Additional Material:

STEP09 ATLAS ATLAS logbook CMS WLCG Blogs


Monday:

Attendance: local(Jamie, Gang, Eva, Jean-Philippe, Harry, Gareth, Simone, Daniele, Olof, Kors, Dirk, Jason, Alberto, Patricia, Roberto, Miguel, others);remote(MIchael, Gareth, Ron, Jos, Kyle).

Experiments round table:

  • ATLAS - On Friday throughput test ramped down. Remaining subscriptions drained over w/e. From today 2 next data distribution activities: ESDs from MC & reprocessing - were only in 1 T1, being replicated. 2nd: placement of data for analysis tests. Will last whole week. Most important point: after 1 year of discussion(!) about to close default CASTOR pool at CERN. Procedure for asking for space for CASTOR T3 pool - pointer to be provided.

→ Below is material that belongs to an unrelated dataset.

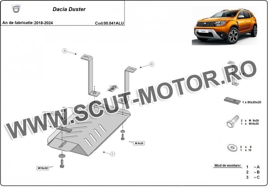 Scutul este noua si se potriveste perfect pentru tipurile de motorizare 4x4 - Dacia Duster fabricat între ani 2018 - 2024. Scutul protejeazã: diferențial.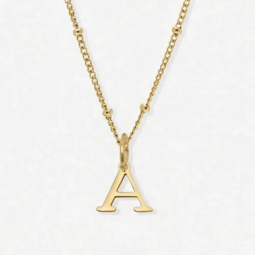 The satellite bead chain adds gentle texture, while the alphabet charm introduces a simple point of focus without overpowering the design. Each letter is proportioned to feel refined and wearable, making the necklace suitable for everyday styling.

  • CMS reports - Being of 2nd week of Analysis ex. of Oct. More WMS probs - # aborted jobs seems to be a bit higher - globus error 10. T1s: RAL & ASGC - both transfer errors. RAL: large scale expiration of transfers to all T2s. Recent downtime?? To be checked. ASGC: timeouts in T1->Pisa. T2s: many issues. See details.. SAM tests - many failures, mostly CE tests.

  • ALICE - Stressing SLC5 resources at CERN: WMS & CREAM. LCG CE: ce129 began to show OPS&ALICE tests bad behaviour. This CE was not able to support # jobs submitted through WMS. Around 22:00 Maarten informed submitting > 13K jobs. 50% through ce129. Cleaned up one of WMS. Expected that as soon as ce129 comes back in production some 7K jobs will arrive at this CE.

  • LHCb reports - Very few jobs running right now. Validation of previous MC prod ongoing. Over w/e (MC at full steam) filling MC* space tokens at various T1s - see detailed Twiki. Only PIC had 2009 resources available. Others ran out / short of space. Resources not pledged ones... Reduce activity and/or reduce # replicas - still under discussion. Other than disk shortage: hanging connections reported last week seem now to be understood. But.. still problem with hanging connections at Lyon and GridKA. Now TURL resolution at SARA - tickets opened - still under investigation.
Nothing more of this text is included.